— WHAT IS REQUIRED —
As the answer, give exactly the lines of the records below from the one with "Sunkiss Tickseed flowers" through the one with "One major group", ends included and pictures left out.

========================================================================

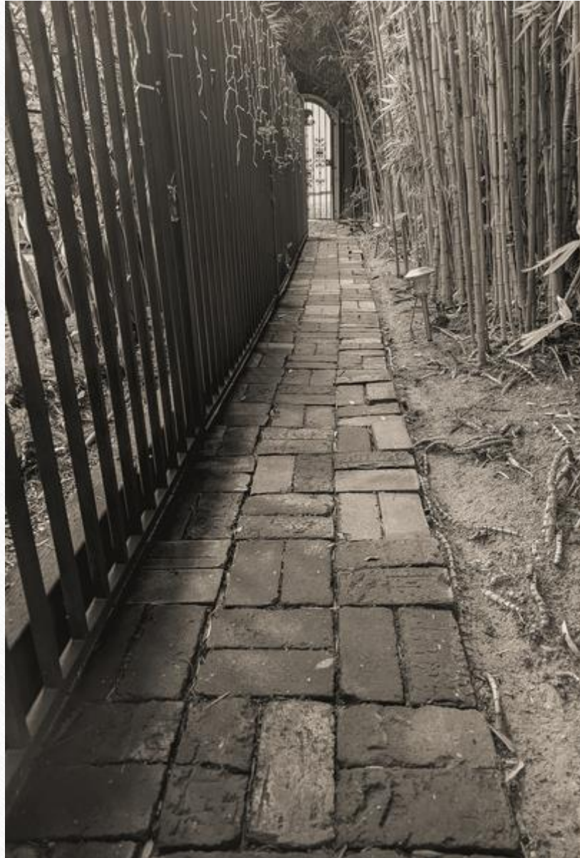
505-Glenn Cantor - What's Out There - 2nd Choice
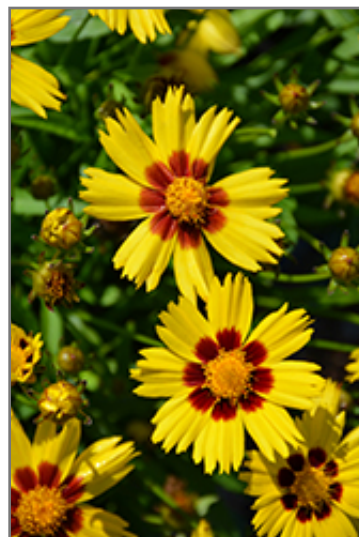
Sunkiss Tickseed flowers
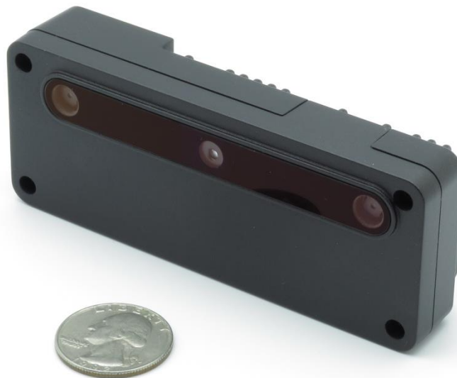
Figure 1 – OAK-D IoT-75
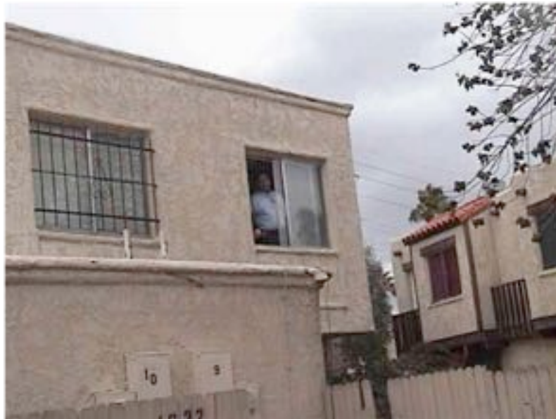
Corner vantage point for surveillance

One major group of users who have successfully used the principles of Defensible Space and CPTED are drug dealers and criminals. Criminals have access to the two key requirements for Offensibile Space: resources and consensus.
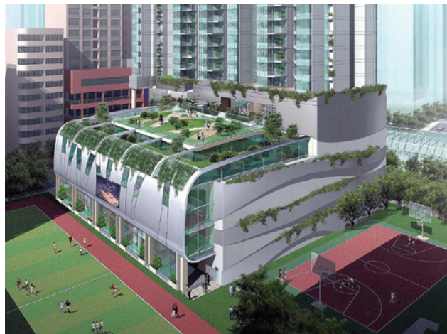
The Macpherson Indoor Stadium project delivers modern stadium facilities and a youth centre.

In April 2006, the URA and the Hong Kong Playground Association (HKPA) announced that they would jointly redevelop the HKPA's outdated stadium to provide both a modern stadium and a youth centre as well as residential and retail space. Since then, good progress has been made. Following detailed negotiations with the Buildings and Lands Departments respectively, the revised General Building Plans were approved in March 2008 and the land premium offer was agreed in May 2008. In the same month, the HKPA and URA invited tenders for the joint venture development of the project and in June 2008, they awarded the joint venture development contract. Looking ahead and given the proximity of this project to the URA's project in Sai Yee Street in the "Sneaker Street" neighbourhood, URA intends to link up these two areas by revitalising the streets between them. The opportunity will also be provided for sports shop operators affected by the Sai Yee Street project to relocate to the retail space in this project to maintain the continuity of their business as in this neighbourhood during redevelopment of the Sai Yee Street project.

========================================================================

— REPLY —
Sunkiss Tickseed flowers
Figure 1 – OAK-D IoT-75
Corner vantage point for surveillance

One major group of users who have successfully used the principles of Defensible Space and CPTED are drug dealers and criminals. Criminals have access to the two key requirements for Offensibile Space: resources and consensus.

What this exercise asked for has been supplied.